[][src]Function chardetng_c::chardetng_encoding_detector_guess

#[no_mangle]
pub unsafe extern "C" fn chardetng_encoding_detector_guess(
    detector: *const EncodingDetector,
    tld: *const u8,
    tld_len: usize,
    allow_utf8: bool
) -> *const Encoding

Guess the encoding given the bytes pushed to the detector so far (via chardetng_encoding_detector_feed()), the top-level domain name from which the bytes were loaded, and an indication of whether to consider UTF-8 as a permissible guess.

The tld argument takes the rightmost DNS label of the hostname of the host the stream was loaded from in lower-case ASCII form. That is, if the label is an internationalized top-level domain name, it must be provided in its Punycode form.
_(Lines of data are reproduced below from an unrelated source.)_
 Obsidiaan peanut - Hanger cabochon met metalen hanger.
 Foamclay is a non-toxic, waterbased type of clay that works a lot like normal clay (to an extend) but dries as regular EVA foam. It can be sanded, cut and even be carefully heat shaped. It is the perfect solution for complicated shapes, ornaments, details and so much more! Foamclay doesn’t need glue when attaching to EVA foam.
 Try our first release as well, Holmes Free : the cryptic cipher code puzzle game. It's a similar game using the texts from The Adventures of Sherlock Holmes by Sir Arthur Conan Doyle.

If the TLD that the stream was loaded from is unavalable, NULL may be passed instead (and 0 as tld_len), which is equivalent to passing pointer to "com" as tld and 3 as tld_len.
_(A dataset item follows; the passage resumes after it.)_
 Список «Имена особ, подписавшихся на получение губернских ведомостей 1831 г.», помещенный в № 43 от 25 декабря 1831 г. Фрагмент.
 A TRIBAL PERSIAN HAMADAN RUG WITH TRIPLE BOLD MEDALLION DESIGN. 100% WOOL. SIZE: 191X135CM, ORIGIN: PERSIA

If the allow_utf8 argument is set to false, the return value of this function won't be UTF_8_ENCODING. When performing detection on text/html on non-file: URLs, Web browsers must pass false, unless the user has taken a specific contextual action to request an override. This way, Web developers cannot start depending on UTF-8 detection. Such reliance would make the Web Platform more brittle.
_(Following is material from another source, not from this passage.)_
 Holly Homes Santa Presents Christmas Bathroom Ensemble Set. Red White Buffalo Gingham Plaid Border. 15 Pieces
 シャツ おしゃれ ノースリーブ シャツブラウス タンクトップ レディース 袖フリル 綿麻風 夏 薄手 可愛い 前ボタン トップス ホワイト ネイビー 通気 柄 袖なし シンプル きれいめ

Returns the guessed encoding (never NULL).

Panics

If tld is NULL but tld_len is not zero.

If tld contains non-ASCII, period, or upper-case letters. (The panic condition is intentionally limited to signs of failing to extract the label correctly, failing to provide it in its Punycode form, and failure to lower-case it. Full DNS label validation is intentionally not performed to avoid panics when the reality doesn't match the specs.)

Undefined Behavior

UB ensues if

  • detector does not point to a detector obtained from chardetng_detector_new but not yet freed with chardetng_detector_free.
  • tld is non-NULL and tld_len is non-zero but tld and tld_len don't designate a range of memory valid for reading.